The data =>
---*---

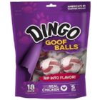 Dingo brands real meat and rawhide combinations deliver healthy and delicious chews to promote clean teeth (due to the natural action of chewing). These premium rawhide chews are available in a range of irresistibly tasty treats that dogs love. Dogs go goofy for fun and tasty Dingo Goof Balls. Premium rawhide and real chicken are woven together into a ball shape to create a fun and flavorful chew for small dogs.
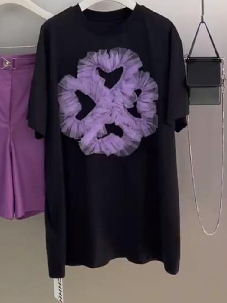[EWQ] 黒 Tシャツ半袖ルーズ 3D ガーゼパッチワーク O ネック Tシャツ夏潮 Tシャツ 16U709 ショート ブラック ハーフスリーブ サマー 夏物 Oネック
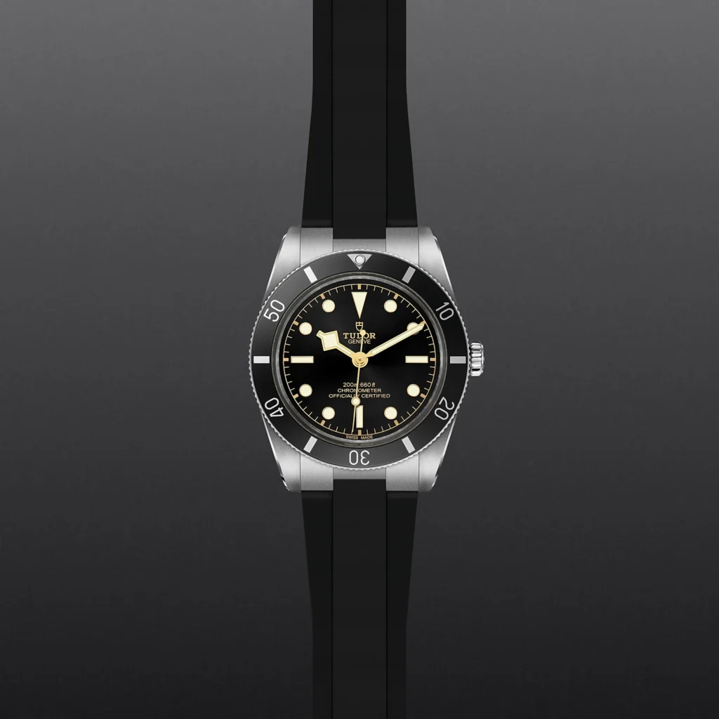 Black Bay 54 M79000N-0002, Caixa de 37 mm em aço, Bracelete em borracha preta, Estojo Caixa de 37 mm em aço inoxidável com acabamento polido e acetinado, Bezel Luneta unidirecional graduada de 60 minutos em aço inoxidável com disco em alumínio sem graduação dos minutos , Calibre de Manufatura MT5400 (COSC) Movimento mecânico de corda automática com sistema de rotor bidirecional, Mostrador Preto, côncavo, Coroa de rosca em aço inoxidável com a rosa TUDOR em relevo, Cristal Vidro de safira côncavo, Estanque até 200 m, Bracelete em borracha com fecho TUDOR “T-fit”, Tamanho Médio, Material Aço, Mostrador escuro.
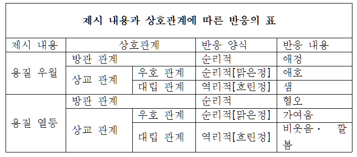 앞의 표에서 보는 바와 같이 비교 상황에 놓여있는 제시자와 수용자의 정애에서는 우수한 용질의 소유자에 대해서 반드시 긍정적 반응이 촉발되는 것이 아니라 부정적 감정이 지향될 수 있는 것이며 같은 이유로 열등한 용재의 소유자에 대해서도 이를 부정 감정으로 나타내는 것이 아니라 쾌적 감정인 쾌재를 외치는 일이 가능하다. 즉 그들의 서로 간의 관계에 따라서 제시의 용질에 관한 수용자의 반응이 순리적으로이거나 역리적으로 촉발된다.
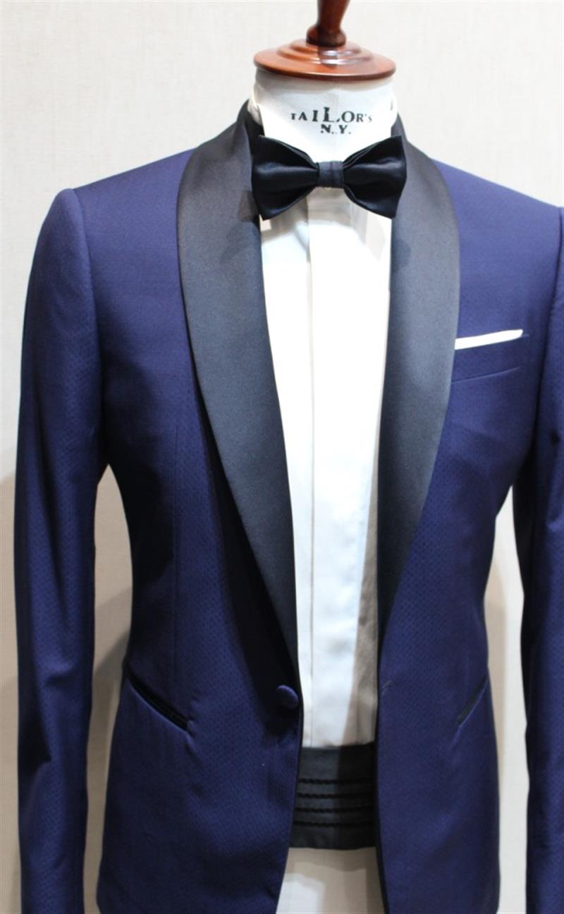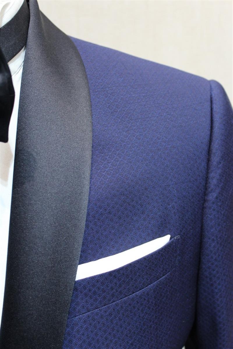 SMOKING BLUETTE TEX MICROFANTASIA MERINOS EXTRAFINE, 1 BOTTONE, REVER SCIALLATO RASO NERO

---*---

Output all the entries exactly, minus any pictures.

 Dingo brands real meat and rawhide combinations deliver healthy and delicious chews to promote clean teeth (due to the natural action of chewing). These premium rawhide chews are available in a range of irresistibly tasty treats that dogs love. Dogs go goofy for fun and tasty Dingo Goof Balls. Premium rawhide and real chicken are woven together into a ball shape to create a fun and flavorful chew for small dogs.
[EWQ] 黒 Tシャツ半袖ルーズ 3D ガーゼパッチワーク O ネック Tシャツ夏潮 Tシャツ 16U709 ショート ブラック ハーフスリーブ サマー 夏物 Oネック
 Black Bay 54 M79000N-0002, Caixa de 37 mm em aço, Bracelete em borracha preta, Estojo Caixa de 37 mm em aço inoxidável com acabamento polido e acetinado, Bezel Luneta unidirecional graduada de 60 minutos em aço inoxidável com disco em alumínio sem graduação dos minutos , Calibre de Manufatura MT5400 (COSC) Movimento mecânico de corda automática com sistema de rotor bidirecional, Mostrador Preto, côncavo, Coroa de rosca em aço inoxidável com a rosa TUDOR em relevo, Cristal Vidro de safira côncavo, Estanque até 200 m, Bracelete em borracha com fecho TUDOR “T-fit”, Tamanho Médio, Material Aço, Mostrador escuro.
 앞의 표에서 보는 바와 같이 비교 상황에 놓여있는 제시자와 수용자의 정애에서는 우수한 용질의 소유자에 대해서 반드시 긍정적 반응이 촉발되는 것이 아니라 부정적 감정이 지향될 수 있는 것이며 같은 이유로 열등한 용재의 소유자에 대해서도 이를 부정 감정으로 나타내는 것이 아니라 쾌적 감정인 쾌재를 외치는 일이 가능하다. 즉 그들의 서로 간의 관계에 따라서 제시의 용질에 관한 수용자의 반응이 순리적으로이거나 역리적으로 촉발된다.
 SMOKING BLUETTE TEX MICROFANTASIA MERINOS EXTRAFINE, 1 BOTTONE, REVER SCIALLATO RASO NERO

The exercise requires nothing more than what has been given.